We spend our lives communicating. In the last 50 years, we've zoomed through radically different forms of communication, from typewriters to tablet computers, text messages to tweets. We generate more and more words with each passing day. Hiding in that deluge of language are amazing insights into who we are, how we think, and what we feel.
In The Secret Life of Pronouns, social psychologist and language expert James W. Pennebaker uses his groundbreaking research in computational linguistics - in essence, counting the frequency of words we use - to show that our language carries secrets about our feelings, our self-concept, and our social intelligence. Our most forgettable words, such as pronouns and prepositions, can be the most revealing: their patterns are as distinctive as fingerprints.

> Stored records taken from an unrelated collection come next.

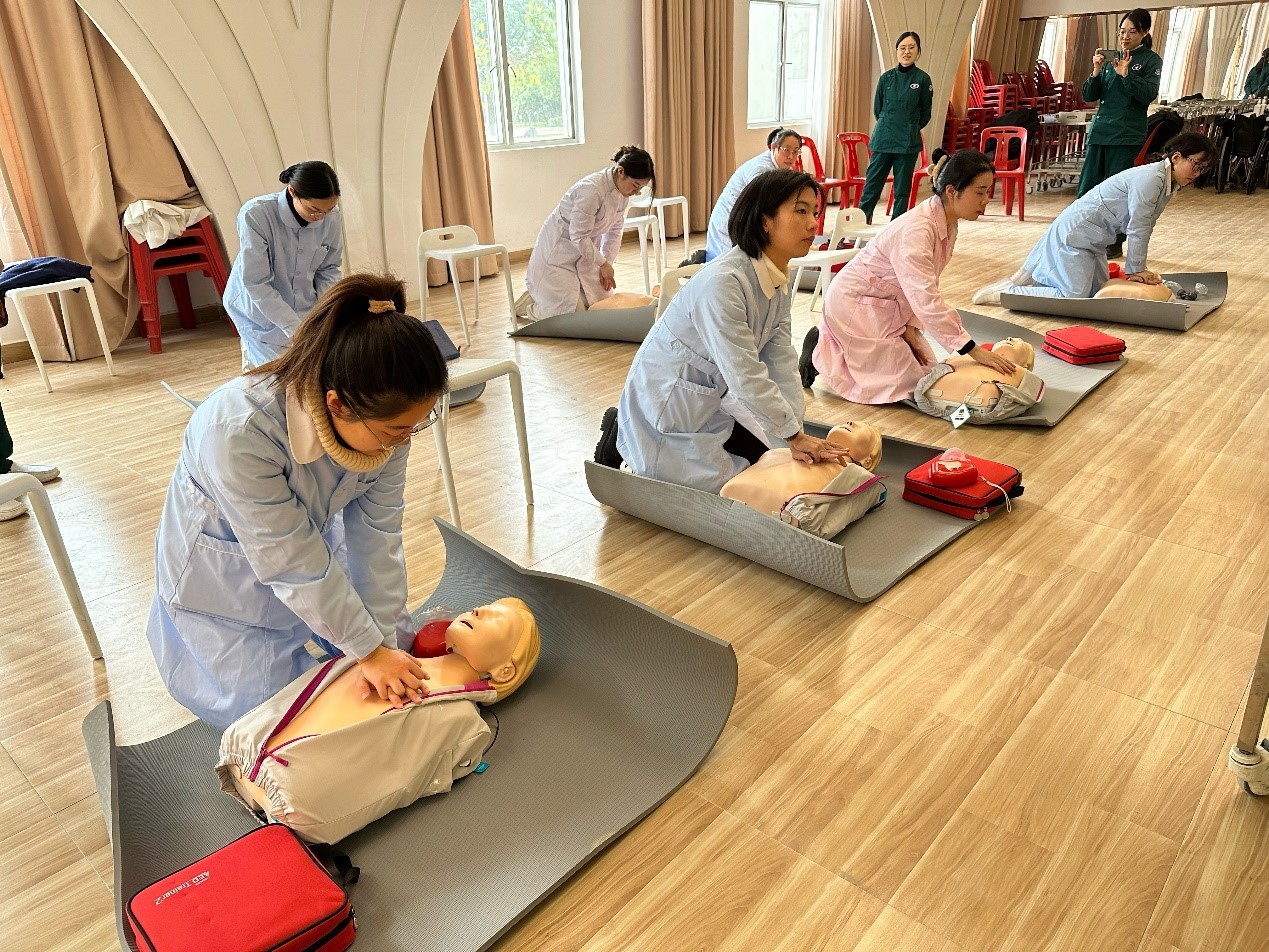 此次培訓(xùn)活動(dòng)以我院美國心臟協(xié)會(huì)(AHA)培訓(xùn)中心為主導(dǎo),面向護(hù)理學(xué)院青年教師開展普及現(xiàn)場心肺復(fù)蘇急救技術(shù)的培訓(xùn)。AHA是全球心血管領(lǐng)域最權(quán)威的專業(yè)組織之一。長期致力于全球范圍內(nèi)培訓(xùn),旨在推廣心肺復(fù)蘇(CPR)技術(shù)在專業(yè)醫(yī)療救護(hù)人員與公眾的普及。導(dǎo)師們通過視頻教學(xué)、現(xiàn)場模擬、交流互動(dòng)等方式,精準(zhǔn)指導(dǎo)學(xué)員領(lǐng)會(huì)每一個(gè)細(xì)節(jié)動(dòng)作。參訓(xùn)人員依次有序進(jìn)行技能培訓(xùn),導(dǎo)師們手把手地教,學(xué)員一絲不茍認(rèn)真地學(xué)。最終,所有學(xué)員均通過理論和技能考試。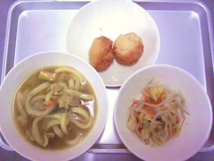 献立名:カレーうどん、牛乳、サーターアンダーギー、野菜のからしじょうゆかけ
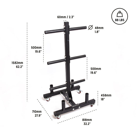 螺栓固定式板釘可在所有立柱層上容納高達 1,740 磅的全尺寸保險槓,四個奧林匹克桿支架使其成為商業和家庭健身房英雄的終極存儲解決方案。

Using innovative analytic techniques, Pennebaker X-rays everything from Craigslist advertisements to the Federalist Papers - or your own writing, in quizzes you can take yourself - to yield unexpected insights. Who would have predicted that the high-school student who uses too many verbs in her college admissions essay is likely to make lower grades in college? Or that a world leader's use of pronouns could reliably presage whether he will lead his country into war? You'll learn why it's bad when politicians use "we" instead of "I", what Lady Gaga and William Butler Yeats have in common, and how Ebenezer Scrooge's syntax hints at his self-deception and repressed emotion. Barack Obama, Sylvia Plath, and King Lear are among the figures who make cameo appearances in this sprightly, surprising tour of what our words are saying - whether we mean them to or not.
©2011 James W. Pennebaker (P)2012 Tantor
"A comprehensive investigation of how our words... reveal important insights about our behavior, emotions and personalities." (Kirkus)
"Penetrating … lively and accessible … Paying closer attention to function words [Pennebaker] advises, can help us understand the social relations that those words reflect. Unfortunately, we might not be able to pay proper attention until we’re all equipped with automatic word counters. Until that day, we have Pennebaker as an indefatigable guide to the little words that he boldly calls 'keys to the soul.'" (The New York Times Book Review)
I enjoyed Pennebaker's research and insight into how the "little words" we use, those sly little buggers like articles and pronouns, have such a big impact on the messages we convey and receive, and how we process them primarily through our subconscious mind. The dissection of corporate and political communications he used as examples throughout helped to clarify and reinforce his points.
The narration was a good match for the material. The narrator's pace, diction and inflection complemented the content and gave it life, delivering Pennebaker's subtle humor in just the right manner and reading more like a story than a dry research paper. There were a few areas, such as where he touched upon forensics, that started down the academic path, but for the most part the writing was as entertaining as it was informative and enlightening.
James Pennebaker has surprised me with a little book titled, The Secret Life of Pronouns: What Our Words Say About Us. I got through the first chapter or so and discovered that it is a really informative book. Stay with me now! This book is not about pronouns, per se, but about what our use of pronouns says about our behavior. He reports his empirical research in the field of words and applies his findings to everyday work and life. Along the way, he reveals how writing our thoughts can help alleviate tension, improve health, and relieve depression. I particularly enjoyed the chapter on words in organizations where Pennebaker distinguishes between “I”, “we” and “they” organizations. Valuable as well is the chapter in which he provides short-cuts to using the insights he has covered to understanding daily encounters with colleagues and friends. The audio book is read by Rober Fass to advantage. There are numerous refereces to PDFs which are readily available. I just kept listening and could follow the basic arguments and ideas readily without them. This book is well worth your time. Turn a few pages and see if there isn’t insight you can use.